Monday, November 15, 2021

Buy Once, Cry Once

I'm a "Buy Once, Cry Once" kind of guy. That means I like quality stuff and have learned to "invest" to smooth my way through life and hopefully have an extended lifespan where I don’t have to buy stuff a second time. It usually means less stuff of higher quality, because I’m not rich. One of the areas in which I've invested has been quality store fixtures.

When I started my business, I was told to expect several years out of my store fixtures. What I found was I could have a premium looking store, with better quality fixtures, for about 50% more money. I went ahead and bought the premium fixtures, mostly because I had more money than sense, thanks to a home equity boom, and have (mostly) continued to buy them throughout the years as I’ve expanded. Can I recommend that? 

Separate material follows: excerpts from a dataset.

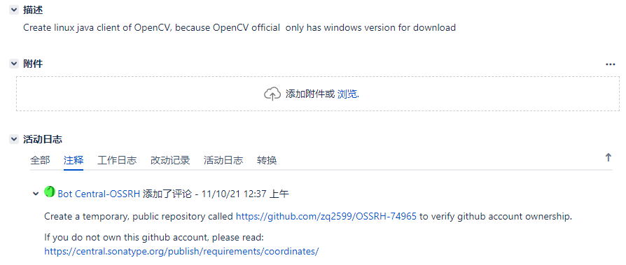 • 上述内容在刚才新建的issue页面也能看到,如下图,即sonatype的评论:
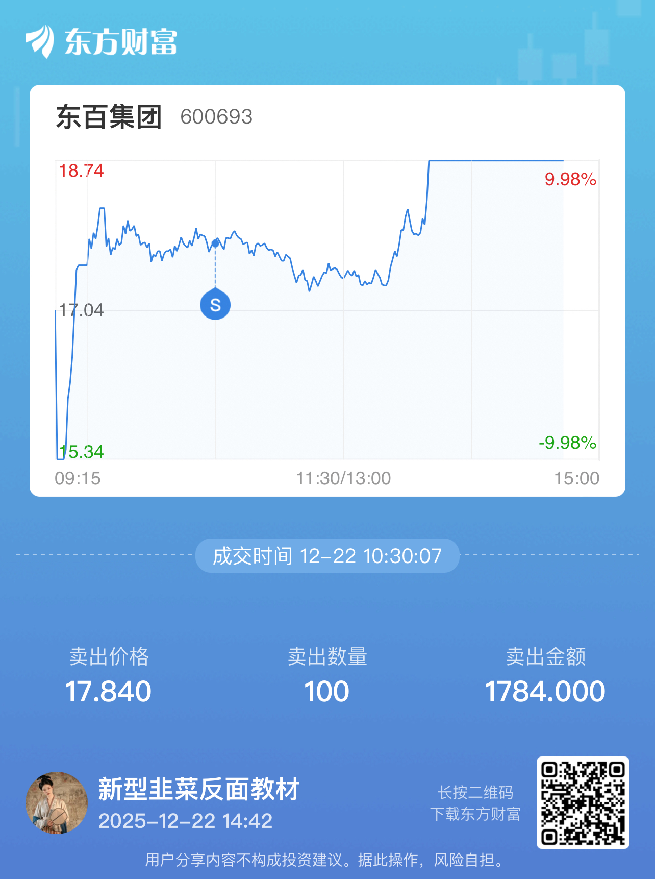 $东百集团(SH600693)$ 亏本几块钱卖飞了
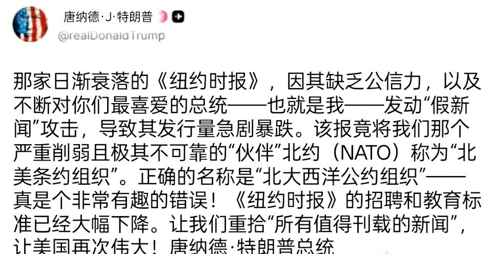 他又怼假新闻“纽约时报”将北约名字搞错
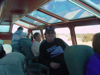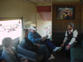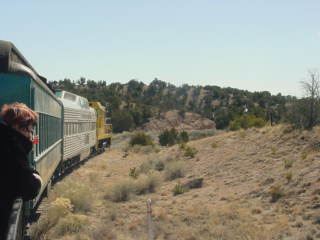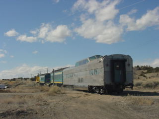 Today's Chief consisted of P42DC's 64 and 6, baggage 1255, transition 39009, sleepers 32086 "Louisiana" and 32090 "Michigan", diner 37003 {a diner light car}, lounge 33027 and coaches 34026 and 34097. I boarded the "Michigan" and had Room 14 with Gwen as my Sleeping Car Attendant, who then told me the bad news. There were no working toilets and no power in the wall outlets in that car. So much for watching Motley Crue on the way to Albuquerque. I recevied a 5:15 PM dinner reservation and relaxed in the room until we reached cold and windy Albuquerque early
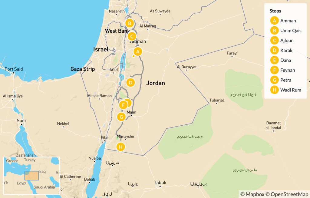 Map of Cultural & Culinary Tour of Jordan – 13 Days

It's almost impossible to square a reasonable ROI out of any store build out, let alone one where you start adding premium features. I would tell a new store owner to pick ONE premium feature, if they showed me their business plan (I don’t want to see your business plan). You can have good fixtures or the chocolate fountain, but not both! The SBA will tell you half of businesses fail within five years, which I think is where you should position your ROI. Buying premium fixtures is a vote for success, a belief those extra thousands of dollars will take you into year six. A six year ROI shows high confidence, low financial aptitude.  


Have those fixtures been worth the money? As I’ve expanded, I’ve messed around with cheap fixtures. What I found is they wore out as predicted, at around three years. Worse, as they wore out, some became dangerous, with shelves that would collapse. I had a kids section that towards the end, was probably not safe for children. I cried twice when it came to those fixtures, because they all had to be replaced with quality ones. 


Those garbage fixtures weighed on my mind, and they needed replacing when I had the least amount of money. This occurred during my Dark Night of Profitability, several years where I wished I would just fail already, if I wasn’t going to succeed. Bankruptcy seemed like a sweet release. Eventually I had some holiday money and all those garbage fixtures went over to the local thrift store. Watch your kids carefully over there.


In year 17, I’ve replaced only one of my high end fixtures completely, after driving screws into it from every conceivable angle to keep it alive. It was my Frankenstein monster fixture. Let me tell you how we destroy good fixtures: The problem with my fixtures, high end gondolas from Newood, is we love hanging things on the endcaps. These are the slatwall ends of each fixture, where we hang small items on hooks. 


If you aren’t paying attention, you’ll walk by, snag your clothes on a hook, and rip that hook out of the wood, damaging the gondola. This won’t happen every time, obviously, but over the years, like a monkey at a typewriter, someone will eventually rip out a number of hooks in high traffic areas. New staff can't possibly imagine this happen, but the veterans know, if it can happen, it will happen. The major maintenance expense of the fancy gondolas is replacing these endcaps, and we’ve done perhaps ten in 17 years. But the gondolas look new and they’re safe.


Which brings us back to ROI. As I watch new stores struggle with untested store fixtures, I’m brought back to the troubles I’ve brought myself with deviating from quality. Yet, I had a very long ROI, and maybe they’ll spend year six on vacation on a beach, while I was working, beaming proudly in my fancy fixtured store. Whose the winner at retail? Money is rarely the measure. 


We all define success differently. I’m planning to work from a beach in 2023. I’ll be 55 years old and I could be called back from that beach at any moment. I could be on the beach now, but letting go is a struggle. Others couldn’t imagine being anyplace but their sales floor, or doing community outreach, or any other customer facing service position. Most store owners would quit first, because the job is the people. I’m sure some of those people would consider my dream a sell out, and for stores just getting by, there are probably a number of asterisks next to my name. *“Yeah, but he…” If I were to give a seminar on how to run a store remotely, which nobody would attend (maybe I should give it remotely?), it would start with all the things to make your store self reliant. We would start with not having to worry about a child being crushed under your cheap fixtures.